Without the pictures, restate all of the data below word for word.

**** RECORDED INFORMATION

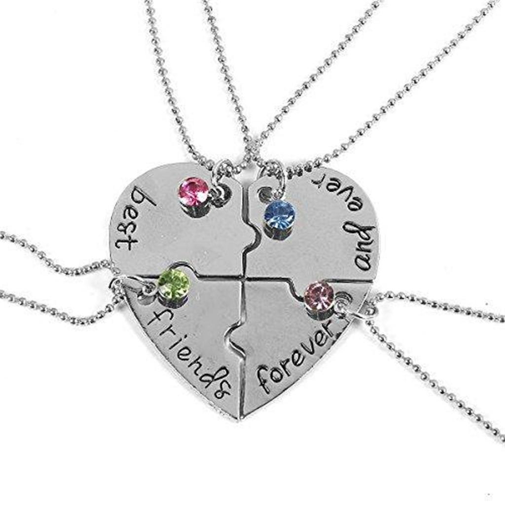 4 Pcs Best Friends Forever And Ever Necklace Engraved Puzzle Friendship 4 Pieces Pendant Necklace Set, Metal Alloy & Rhinestones
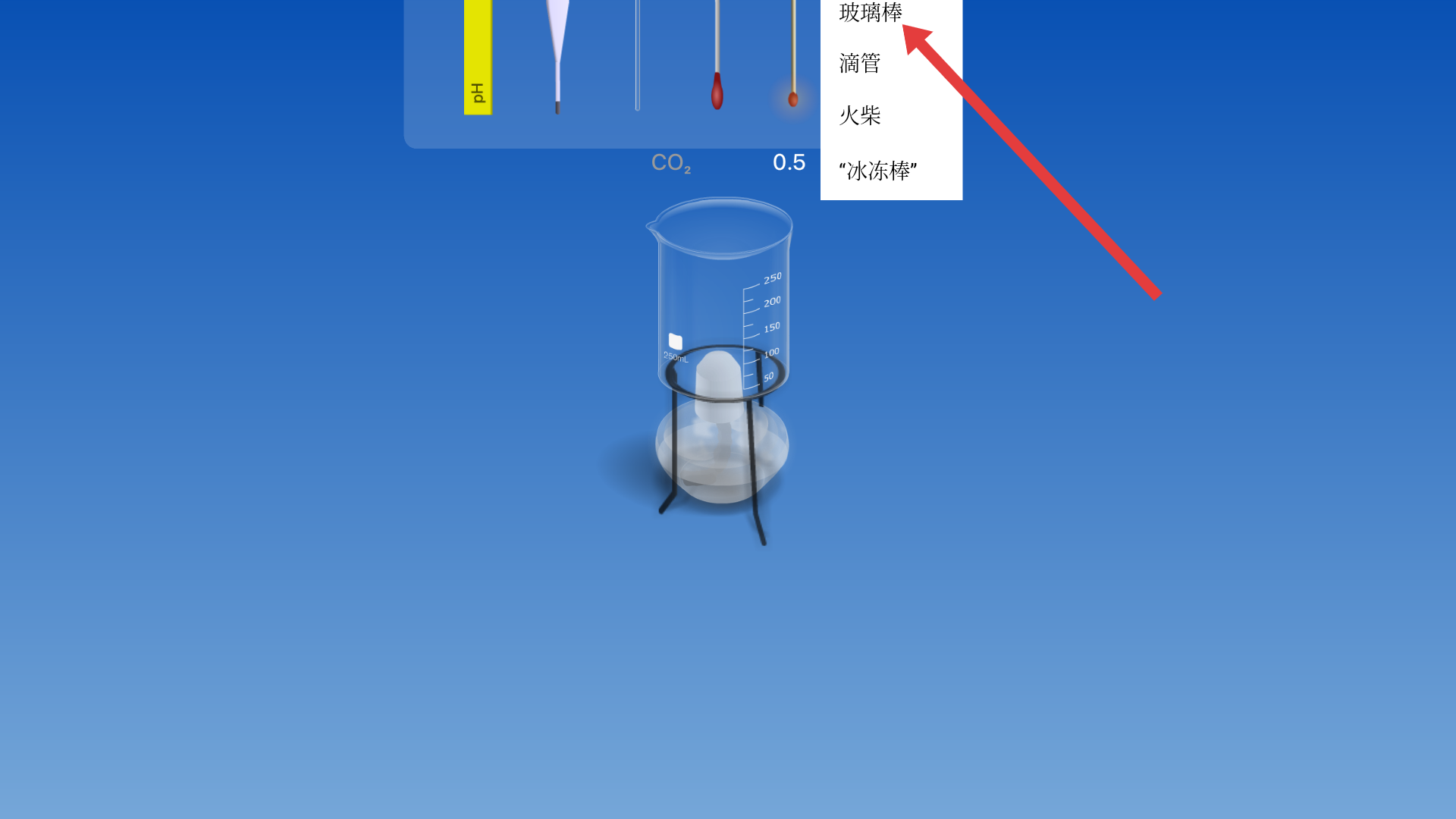 3、儀器補充界面,可選擇玻璃棒、滴管、火柴等工具,輔助實驗操作,如攪拌、滴加試劑、點燃等。
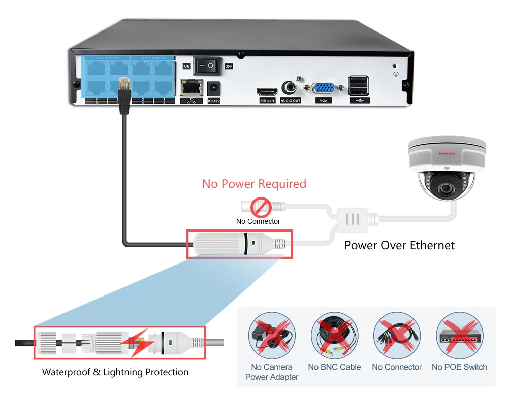 The Power over Ethernet (PoE) is an advanced technology, which enables you to use a single network cable for both video and power transmission, installation easier! Besides, thanks to PoE you will never worry about electric leaks!

********

● **EXERCISE RESPONSE**:
 4 Pcs Best Friends Forever And Ever Necklace Engraved Puzzle Friendship 4 Pieces Pendant Necklace Set, Metal Alloy & Rhinestones
 3、儀器補充界面,可選擇玻璃棒、滴管、火柴等工具,輔助實驗操作,如攪拌、滴加試劑、點燃等。
 The Power over Ethernet (PoE) is an advanced technology, which enables you to use a single network cable for both video and power transmission, installation easier! Besides, thanks to PoE you will never worry about electric leaks!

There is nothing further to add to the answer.